Porque Abimelec no solo carecía de honestidad; no sentía respeto alguno por la vida. En una muestra de crueldad tan pública como su ambición, se dirigió a Ofra y, allí, en un acto que buscaba cimentar su poder en el terror, asesinó a sus sesenta y nueve hermanos. Sus gritos fueron ahogados por el silencio de la tiranía, sus cuerpos, sesenta y nueve almas, se amontonaron como un testimonio mudo de su ambición sin límites. Solo uno de ellos, Jotam, logró escapar, un fugitivo que se convertiría en la única voz de la verdad en un desierto de mentiras. El mal político, aquel que ha perdido su brújula moral, es incapaz de valorar la vida humana. Esta falta de respeto se manifiesta de muchas formas, desde la guerra insensata hasta la indiferencia ante el sufrimiento. En nuestro tiempo, la misma vileza se revela en la disposición de aquellos que abogan por el fin de la vida antes de que comience, en la promoción de una cultura de la muerte que ignora la sacralidad de la existencia. Porque quien no respeta una vida, es incapaz de respetar ninguna.
Y, al final, la traición de Abimelec no solo fue contra su familia, sino contra el mismo pueblo que lo había elevado. Jotam, el único superviviente, se irguió sobre el monte Gerizim y desde allí, su voz resonó como un trueno profético. No les contó un cuento de terror, sino una fábula que era la verdad desnuda de su futuro. Les habló del olivo, de la higuera, de la vid, todos rehusando el trono para seguir dando fruto y bendición. Finalmente, el espino, la zarza, el parásito de la tierra, aceptó ser rey. Y en esa fábula, que en realidad era una profecía, les reveló que el hombre que habían elegido, el que solo podía ofrecerles sombra para el fuego, se convertiría en su propia desgracia, que el espino que habían coronado solo podía darles fuego. Se habían entregado voluntariamente a la destrucción, con la certeza de que su propia elección sería el castigo que les llegaría. Se volvieron culpables de su propio infortunio. La historia nos muestra a diario políticos así, hombres y mujeres que con sus mentiras y promesas vanas suben al poder, solo para convertirse en una amenaza para los mismos que los votaron. Y en el acto de no votar o de votar por tales hombres, la culpa recae, en última instancia, en nosotros, en la ceguera de nuestra fe en hombres que no dan fruto, en nuestra disposición a arder bajo la sombra de la zarza.

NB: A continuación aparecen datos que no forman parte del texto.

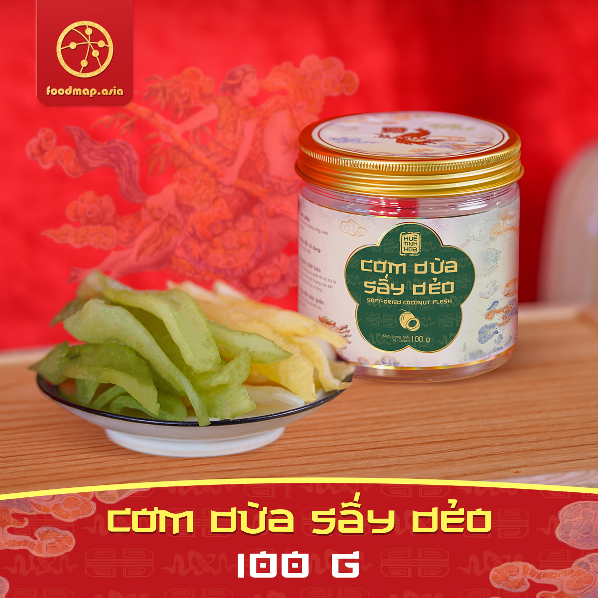 Sản phẩm được chế biến từ dừa tươi nguyên chất, kết hợp kỹ thuật sấy dẻo hiện đại giúp giữ trọn hương vị truyền thống và độ mềm dẻo hấp dẫn.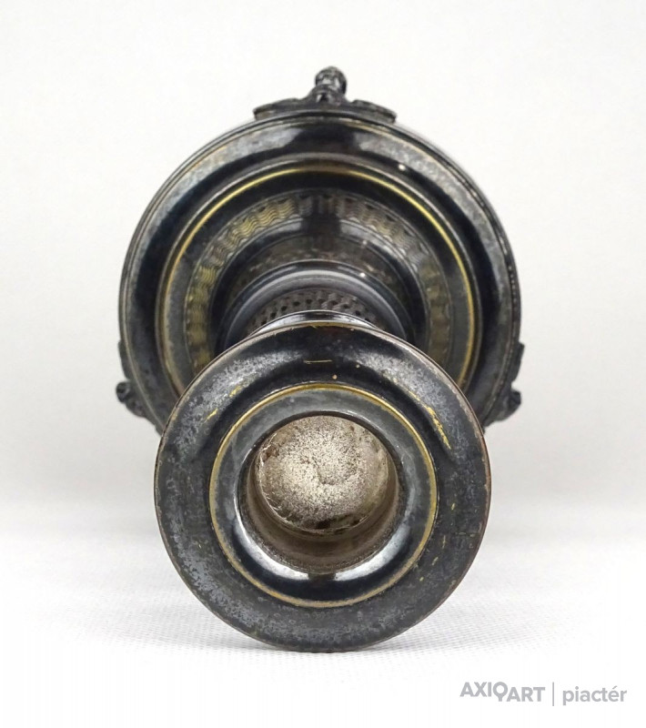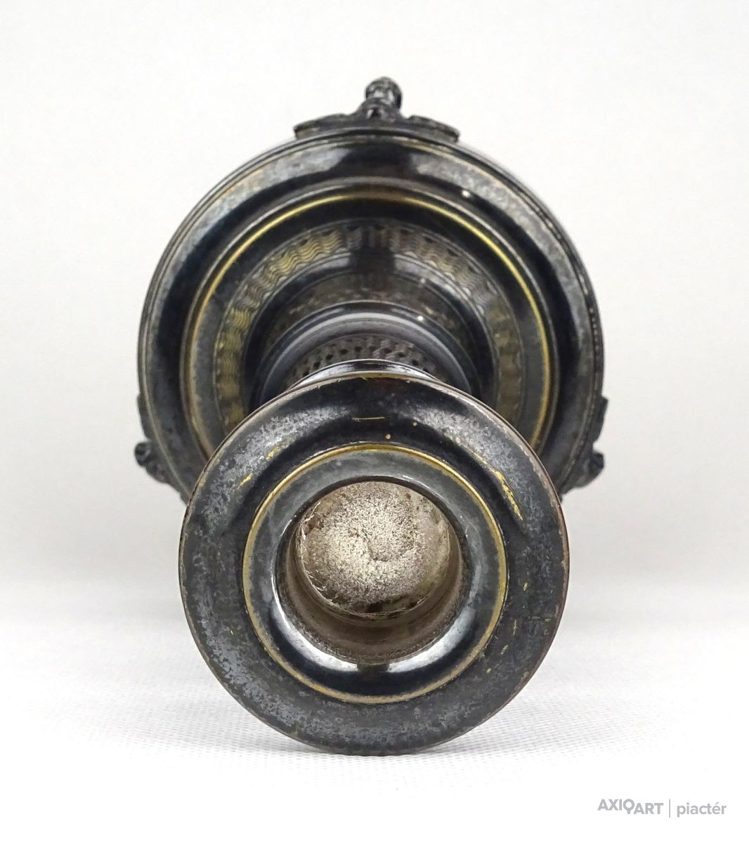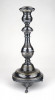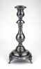 [1D516/X083] Antik jelzett, három lábon álló, patinás, ezüstözött gyertyatartó. Oldalán jelzés: W&G Magasság: 23 cm Súly: 0.23 kg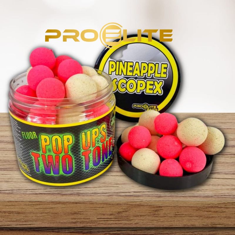 Los Pop-Ups Two Tone fluor Pineapple Scopex 14-20mm de ProElite Baits combinan la pareja de aromas más famosa del carpfishing con un innovador formato de doble color. Esta mezcla de piña y scopex ofrece un perfil dulce y cítrico inconfundible, diseñado para maximizar las capturas mediante un fuerte estímulo visual y olfativo.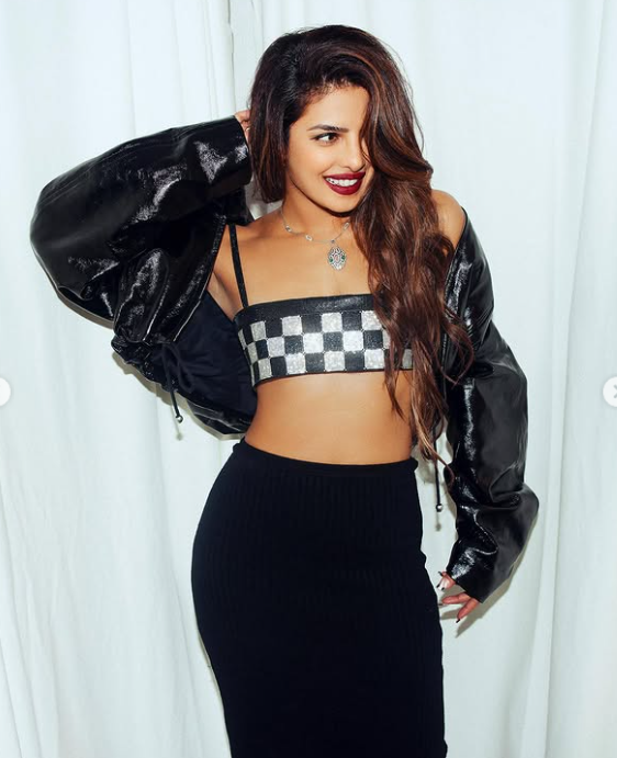 प्रियंका चोपड़ा का एक और लुक है, जिसे देखकर आपके दिमाग में ये बात आ सकती है कि इस लुक को न्यू ईयर पार्टी में कैरी किया जा सकता है। ये लुक प्रियंका चोपड़ा ने निक जोनस के कॉन्सर्ट में अपनाया था। इस फोटो में प्रियंका ने ब्लैक बॉडी फिट स्कर्ट के साथ शिमरी चेस क्रॉप-टॉप पहना हुआ है और एक ब्लैक रंग की जैकेट कैरी की हुई है। अगर आप क्रॉप टॉप और स्कर्ट पहनने में कंफर्टेबल नहीं हैं, तो भी आपके पास जैकेट एक ऑप्शन है, जिसमें कम्फर्ट भी है और स्टाइलिंग भी।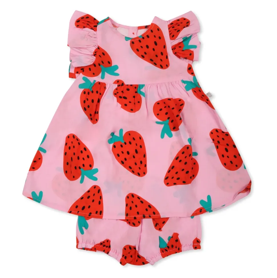 Klæd din lille pige stilfuldt på med dette Stella McCartney lyserøde sæt. Sættet inkluderer en lyserød kjole med korte rynkede ærmer, en rund halsudskæring og knapper på bagsiden, parret med matchende culottes. Prydet med søde jordbær over det hele, er dette sæt lavet af en blanding af viskose og lyocell. Plejeinstruktioner: Maskinvask ved 30°C.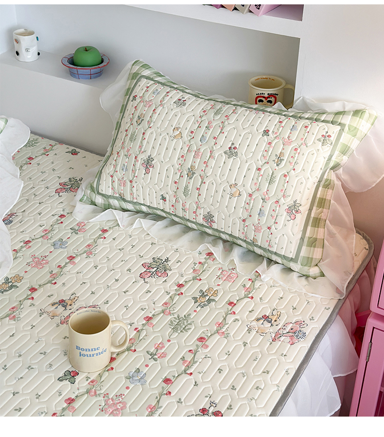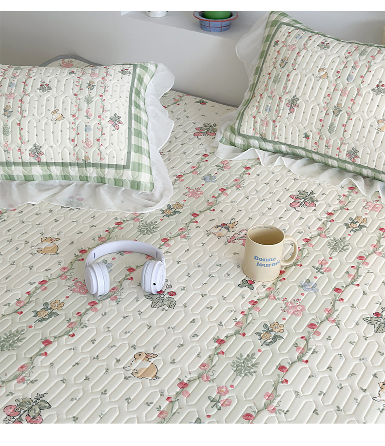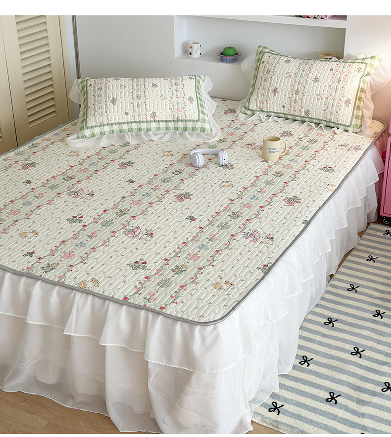昔可 新款床裙款乳胶凉席双层雪纺纱乳胶凉席三件套 草莓小兔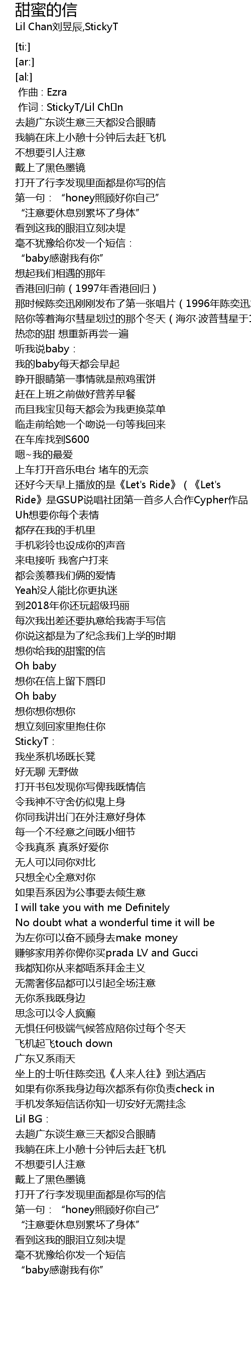 | [00:01.000] | 作词 : StickyT/Lil Chən |

Así, la historia de Abimelec es más que un simple relato antiguo. Es una advertencia eterna, un espejo en el que podemos ver reflejados nuestros propios errores y ceguera. Nos enseña que la manipulación es el veneno de la política, que el dinero malversado es la herramienta del déspota, que la falta de respeto por la vida es la marca de un corazón vacío, y que un mal líder es, en última instancia, un peligro para su propio pueblo. La lección de Siquem resuena a través de los siglos, recordándonos que la sabiduría y el discernimiento espiritual son los únicos escudos contra la tiranía, la única luz que puede disipar la oscuridad del engaño político. Y que la responsabilidad de elegir, con la vista fija en la verdad, es un peso que cada uno de nosotros debe cargar.